BEGIN GIVEN ENTRIES
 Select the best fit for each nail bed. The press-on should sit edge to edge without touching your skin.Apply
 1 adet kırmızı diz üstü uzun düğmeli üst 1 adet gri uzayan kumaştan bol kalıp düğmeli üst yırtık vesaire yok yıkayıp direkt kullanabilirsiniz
END GIVEN ENTRIES
BEGIN GIVEN ENTRIES
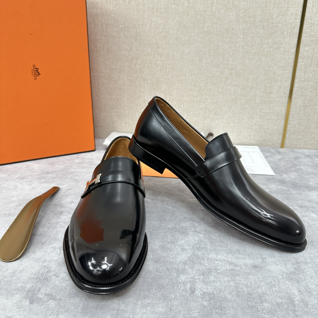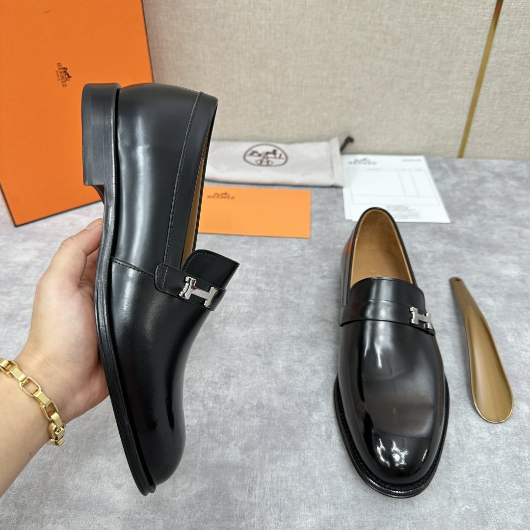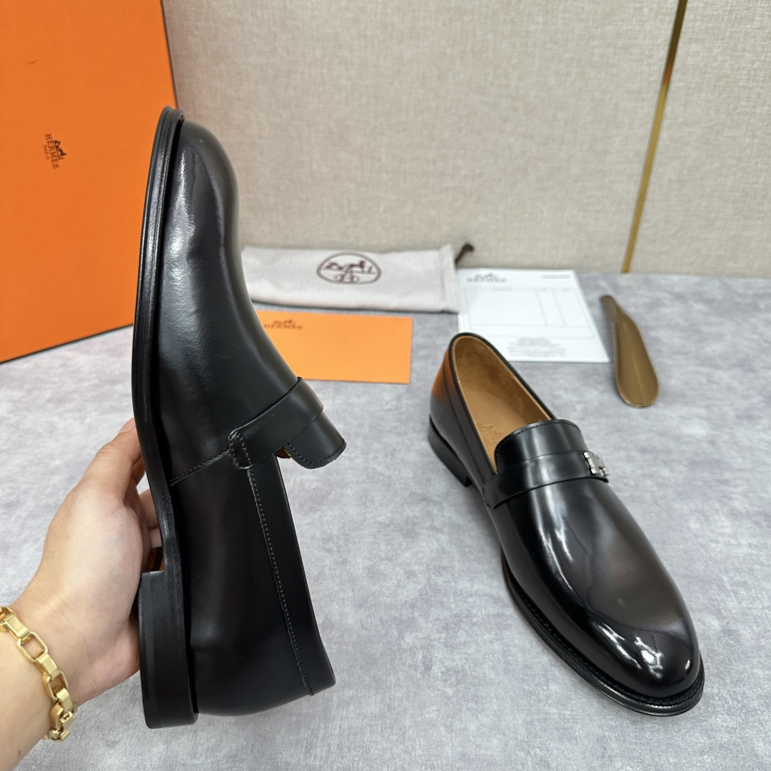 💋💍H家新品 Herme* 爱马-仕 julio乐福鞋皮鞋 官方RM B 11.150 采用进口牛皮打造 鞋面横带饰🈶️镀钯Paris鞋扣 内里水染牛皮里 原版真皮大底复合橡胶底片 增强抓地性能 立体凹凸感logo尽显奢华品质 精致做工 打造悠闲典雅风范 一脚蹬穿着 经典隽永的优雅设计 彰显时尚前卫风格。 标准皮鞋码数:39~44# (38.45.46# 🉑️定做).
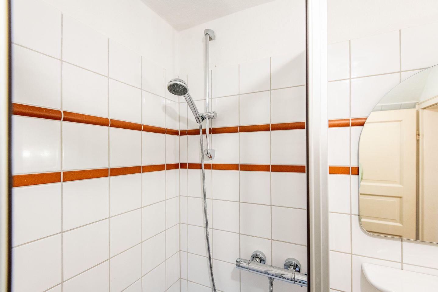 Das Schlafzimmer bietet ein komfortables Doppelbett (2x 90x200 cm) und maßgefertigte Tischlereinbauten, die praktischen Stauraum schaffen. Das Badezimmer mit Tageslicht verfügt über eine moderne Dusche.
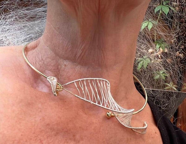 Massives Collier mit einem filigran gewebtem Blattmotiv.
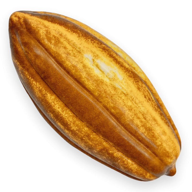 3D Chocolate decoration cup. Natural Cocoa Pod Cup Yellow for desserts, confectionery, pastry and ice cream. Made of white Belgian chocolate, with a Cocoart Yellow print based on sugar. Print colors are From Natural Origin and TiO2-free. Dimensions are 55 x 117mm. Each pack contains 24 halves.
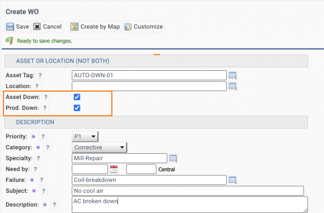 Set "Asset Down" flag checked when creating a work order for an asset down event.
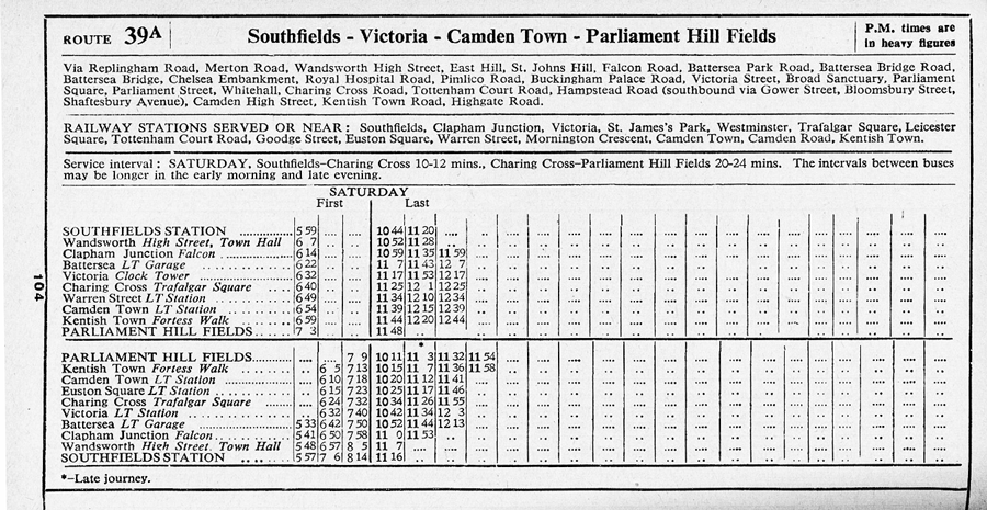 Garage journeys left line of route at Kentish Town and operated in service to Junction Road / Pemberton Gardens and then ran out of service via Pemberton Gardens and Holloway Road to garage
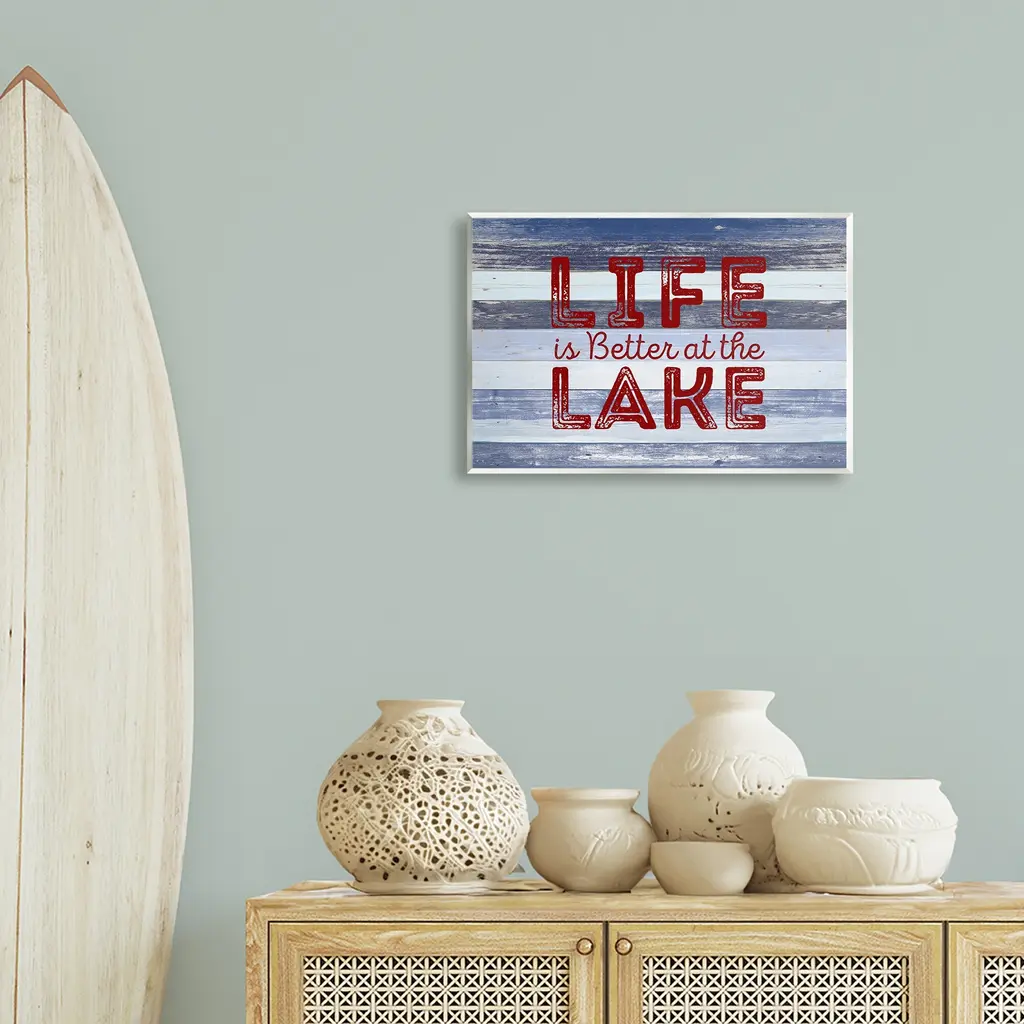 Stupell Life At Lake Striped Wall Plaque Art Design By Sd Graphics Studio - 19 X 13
END GIVEN ENTRIES
BEGIN GIVEN ENTRIES
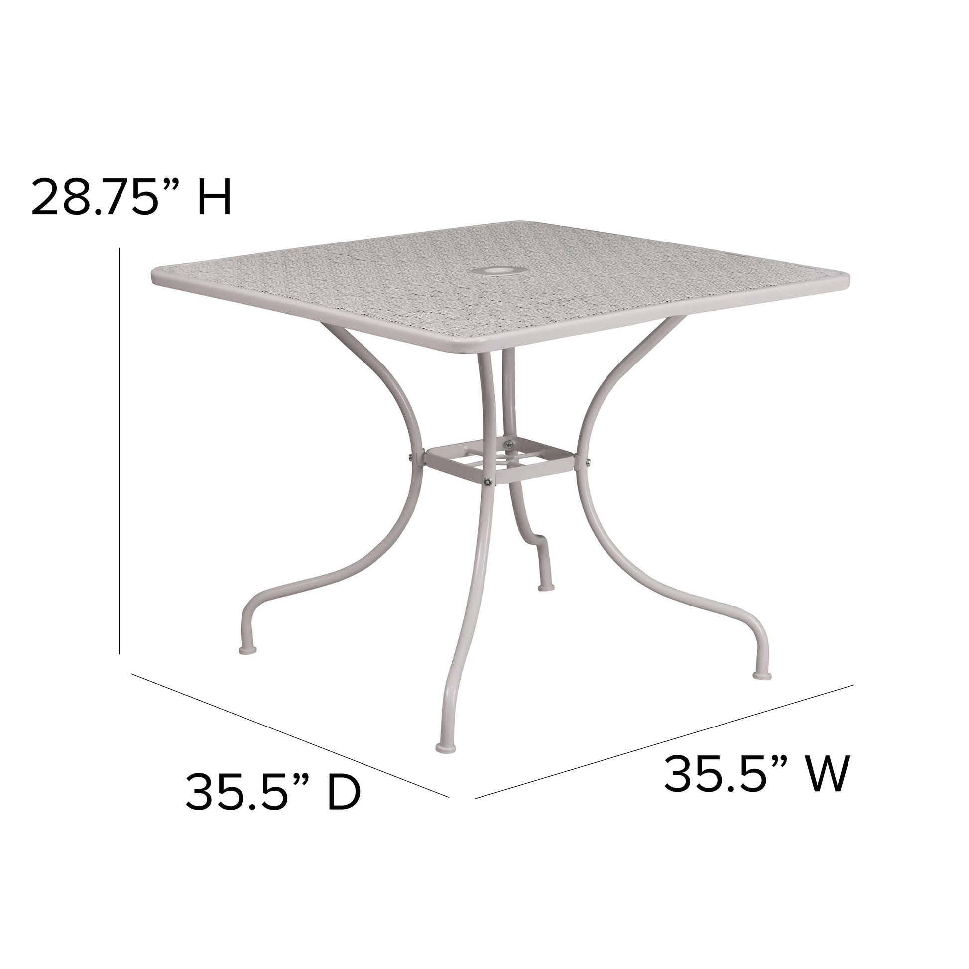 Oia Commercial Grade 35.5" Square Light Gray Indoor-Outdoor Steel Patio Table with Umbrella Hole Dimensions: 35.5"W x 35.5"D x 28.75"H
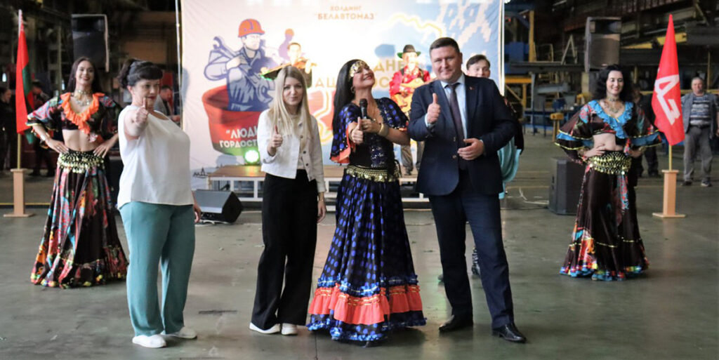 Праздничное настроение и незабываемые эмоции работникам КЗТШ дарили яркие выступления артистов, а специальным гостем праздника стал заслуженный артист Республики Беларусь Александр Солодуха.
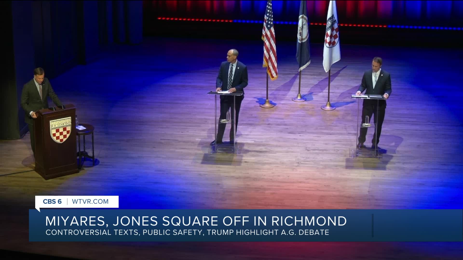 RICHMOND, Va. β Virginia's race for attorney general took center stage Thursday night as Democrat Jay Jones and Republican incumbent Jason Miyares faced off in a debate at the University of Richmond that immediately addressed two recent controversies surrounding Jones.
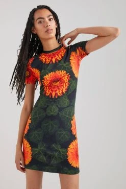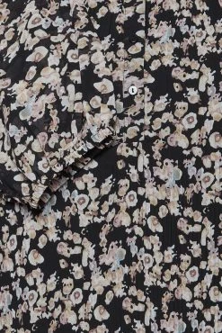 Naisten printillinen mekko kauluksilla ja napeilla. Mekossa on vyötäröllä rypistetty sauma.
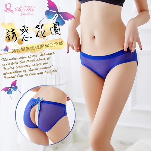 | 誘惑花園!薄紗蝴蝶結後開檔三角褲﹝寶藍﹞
END GIVEN ENTRIES
- TASK REQUIREMENTS:
Will you return exactly the lines above from the one with "Select the best" down to the one with "1 adet kırmızı", counting both as part of the range?

- OUTPUT FOR THIS TASK:
 Select the best fit for each nail bed. The press-on should sit edge to edge without touching your skin.Apply
 1 adet kırmızı diz üstü uzun düğmeli üst 1 adet gri uzayan kumaştan bol kalıp düğmeli üst yırtık vesaire yok yıkayıp direkt kullanabilirsiniz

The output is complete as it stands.